INFORMATION SUPPLIED
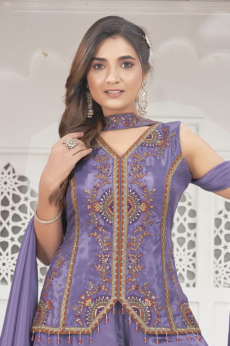 Get praised for your beauty and charm with this heavenly Lavender designer palazzo suit. Buy this suit crafted from Silk fabric, which features Sequin and Thread Embroidery Work. Enhance your ensemble with ethnic jewelry and a pair of heels for a sophisticated touch. The suit comes with a matching dupatta and a palazzo bottom made from Silk fabric. Please be aware that slight color variations may occur due to digital photography, and the accessories shown are only for illustration.
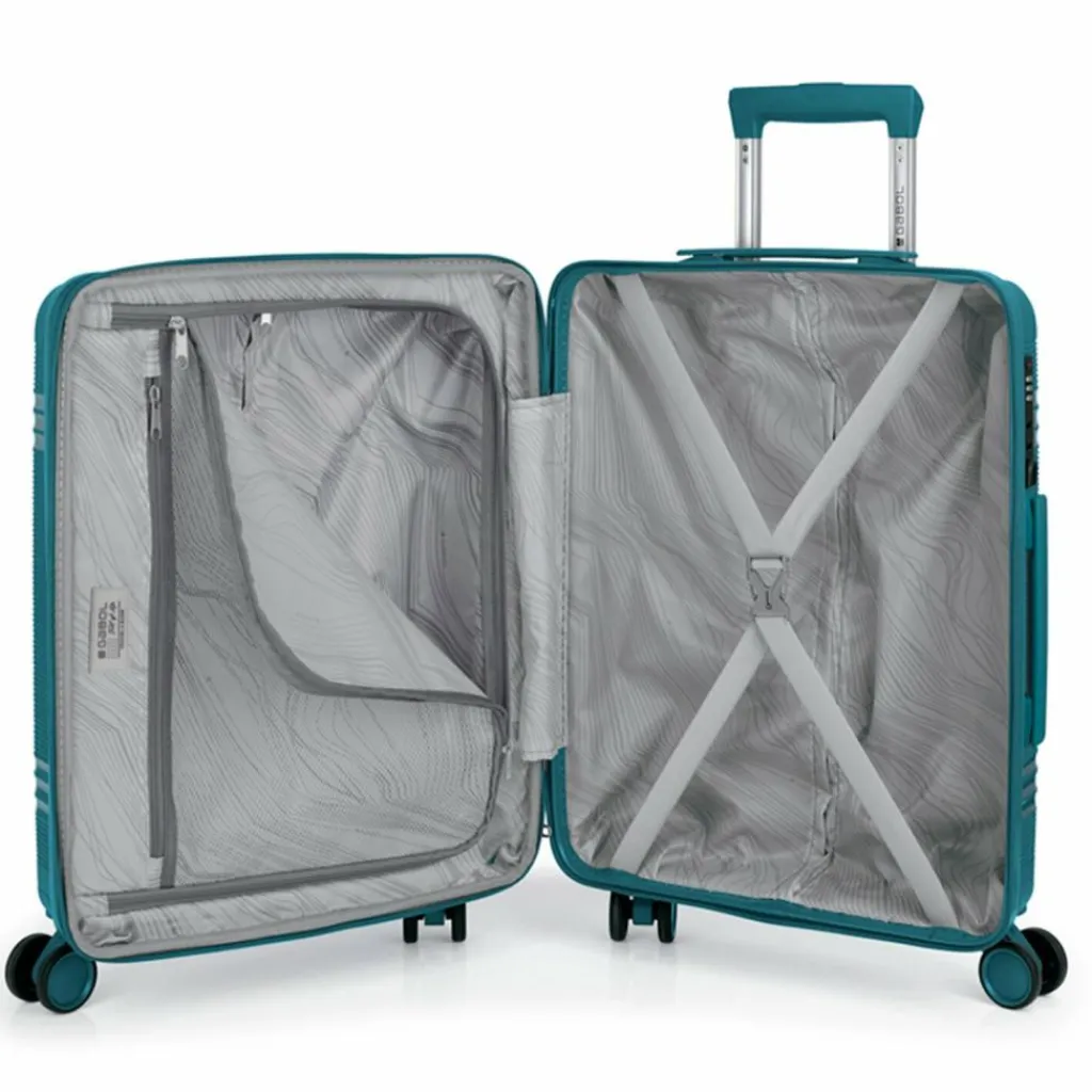 - Ausstattung: Wäschefach, Reißverschlussfach, Kreuzpackgurt, Dehnfalte, arretierbarer Griff
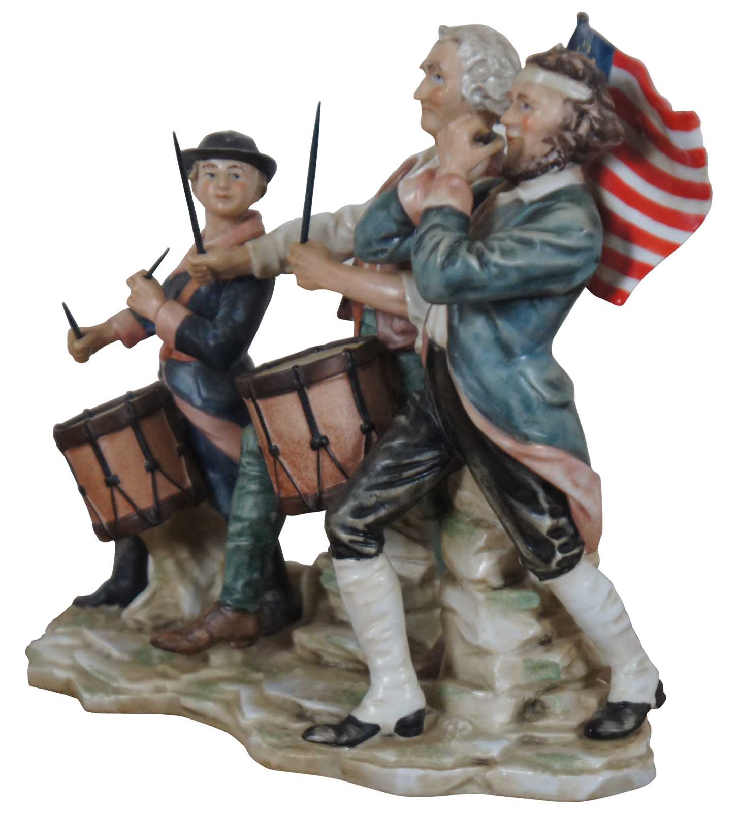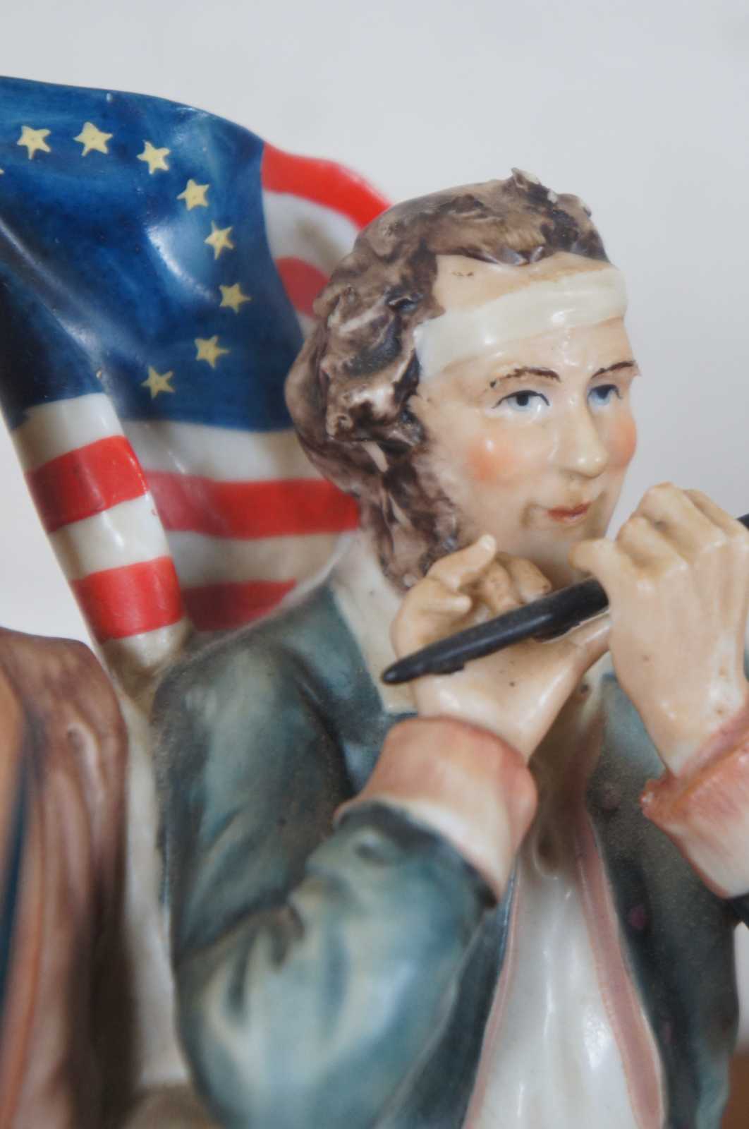 Vintage hand painted porcelain figurine after the painting Spirit of 1776 by Archibald Willard, showing George Washington marching triumphantly with two Revolutionary fife and drum playing soldiers. Crafted by Andrea by Sadek.
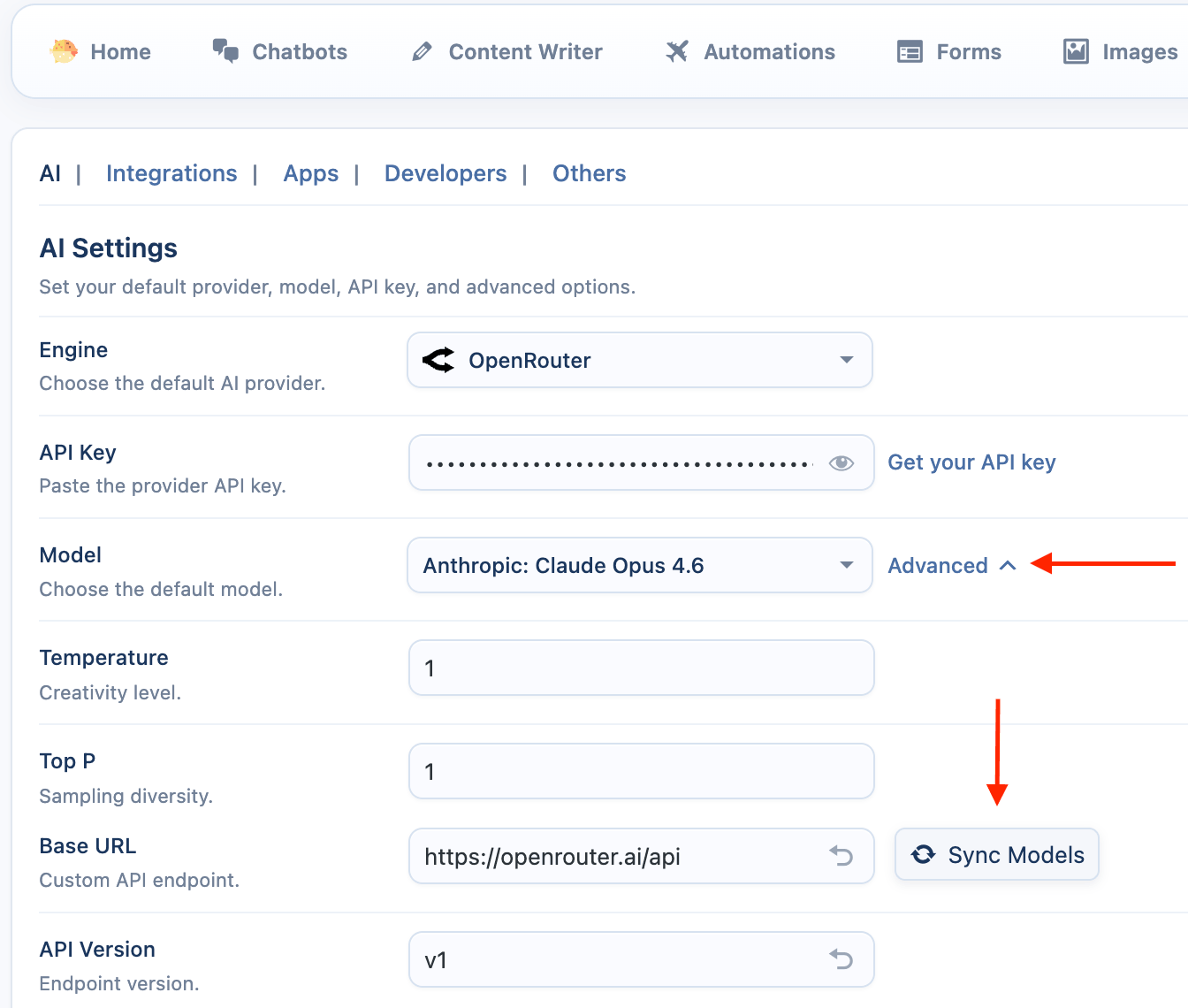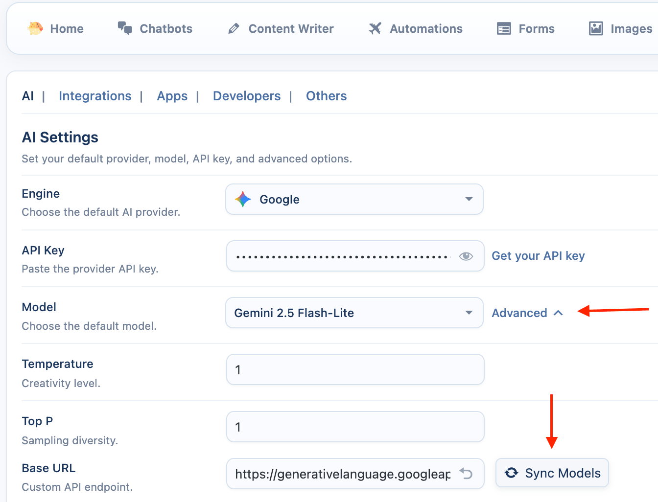 - Sync Models: Click Advanced and then Sync button to fetch available Gemini models.

EXERCISE AIM
Where the line with "Vintage hand painted" appears, begin there and transcribe exactly through the last line of the data, leaving all pictures aside.

TASK SOLUTION
 Vintage hand painted porcelain figurine after the painting Spirit of 1776 by Archibald Willard, showing George Washington marching triumphantly with two Revolutionary fife and drum playing soldiers. Crafted by Andrea by Sadek.
 - Sync Models: Click Advanced and then Sync button to fetch available Gemini models.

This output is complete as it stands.